Los Angeles Historic-Cultural Monument
- Designated: 1978
- Reference no.: 198

= KCET Studios =

Film studio in Hollywood, California

The KCET Studios, located at 4401 Sunset Boulevard in Hollywood, California is the longest continuously producing studio in Hollywood. Since its establishment in 1912, the studios located at the site have been the home of motion picture producers, including Lubin, Essanay, Willis and Inglis, J.D. Hampton, Charles Ray, Ralph Like, Monogram Pictures, Allied Artists, and ColorVision. Since 1970, it has been the home of public television station KCET, but in April 2011, KCET announced that it had sold the facility to the Church of Scientology.

==Early years==

In 1912, Siegmund Lubin, a film producer from Philadelphia, built the first film studio on the site of what is now KCET Studios. Lubin's company, called Lubin Manufacturing Company, produced educational films at the site, including "An Alligator Farm" (1912) and "An Ostrich and Pigeon Farm." In 1913, Lubin sold the studio to the Chicago-based Essanay Film Company. Essanay produced 20 one-reel Westerns before selling the site to the Kalem Company. Kalem began operating at the lot in late 1913, and Marshall Neilan began working at the site in the Spring of 1914. The "Ham and Bud" comedy series was shot there from late 1914 through February 1917. At that time, Kalem relocated to Glendale and abandoned the Fleming Street studios.

In 1917, Willis and Inglis acquired the studio and rented space for use by independent producers. Wallis and Inglis build a 65 ft by 11 ft outdoor stage and a 50 ft by 100 ft indoor stage. During this time, The Marine Film Corporation filmed "Lorelei of the Sea" at the studios, and comedian Fay Tincher made a series of two-reel comedies there.
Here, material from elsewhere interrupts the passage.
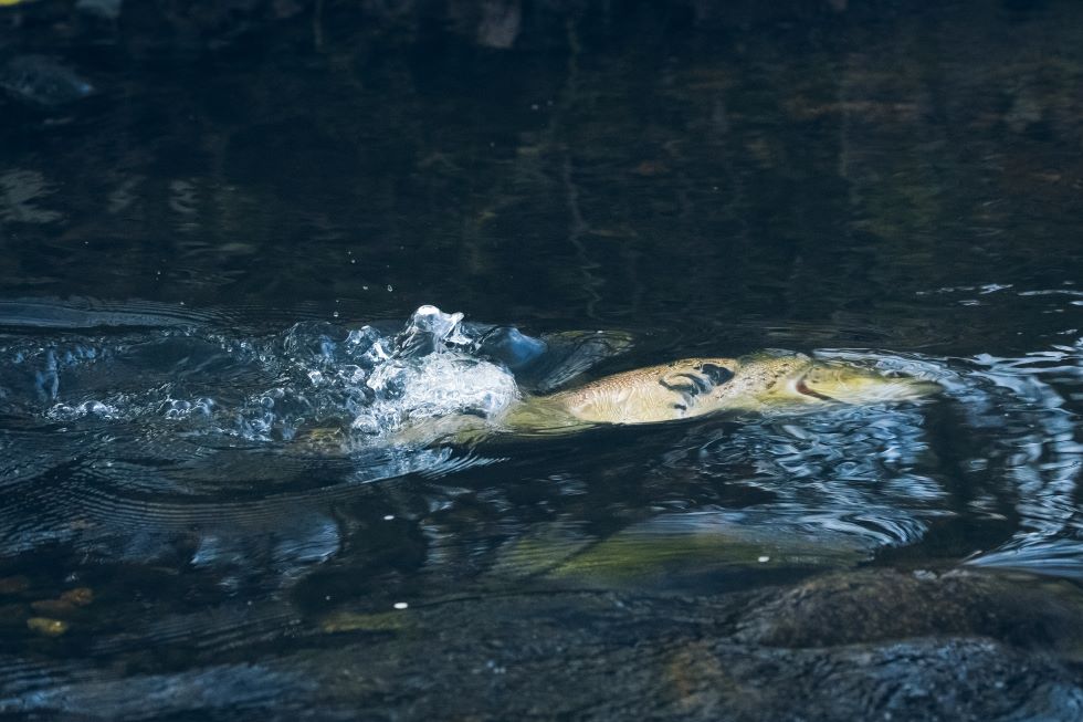 Alla mereltä palannut naarastaimen kaivaa marraskuussa 2024 kutupesää Mätäjoen pohjasoraan aivan vilkasliikenteisen Pitäjänmäentien vieressä.
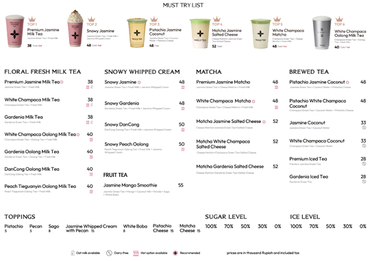 Seluruh varian Milk Tea tersedia dalam pilihan susu segar dan susu oat untuk varian tertentu, seperti Jasmine, Gardenia, dan White Champaca Oat Milk Tea. Untuk memperkaya pengalaman menikmati floral tea yang lebih personal, Anda dapat menambahkan topping premium, seperti topping kacang-kacangan Pecan dan Pistachio, White Boba dan Sago. Serta mousse dan krim seperti Jasmine Whipped Cream with Pecan, Pistachio Cheese, dan Matcha Cheese, menghadirkan pengalaman minum teh yang dijamin memanjakan.

In August 1918, Jesse D. Hampton began renting space from Willis and Inglis. And in March 1919, Willis and Inglis built another station that became known as Hampton Studio. In April 1919, a trade magazine reported: "The entire frontage along Fleming Street, heretofore adorned by a blank wall, is now occupied with a long row of offices filled with workers and other functionaries necessary to the operation of the big place." Hampton made more than 25 films at the site from 1918 to 1920.

In 1920, actor Charles Ray purchased the studios and built many of the red brick buildings that still survive at the site. When Ray's new soundstage was completed, Moving Picture News called it "the last word in studio construction" and noted: "Perhaps the most striking feature of the studios is the glass enclosed stage, topped by a glass roof. The sides may be removed to permit openings when the shooting of street scenes is required . . . The placing of a tank beneath the stage was a unique arrangement . . . the installation of electrical equipment will insure a wealth of sunshine for daylight pictures as well as for night scenes." Ray's soundstage remains in use as KCET's Studio A. In 1922, Ray also added a Spanish-style, red brick administration building (pictured in infobox above) that is still in use by KCET.

With a budget of $800,000, Ray shot his epic film, The Courtship of Myles Standish, at the site. The most famed extravagance created for the production was a life-size replica of the Mayflower and a pool of water with a mechanism to rock the ship back and forth. The film was a flop at the box office, and by 1923, Charles Ray Productions was bankrupt.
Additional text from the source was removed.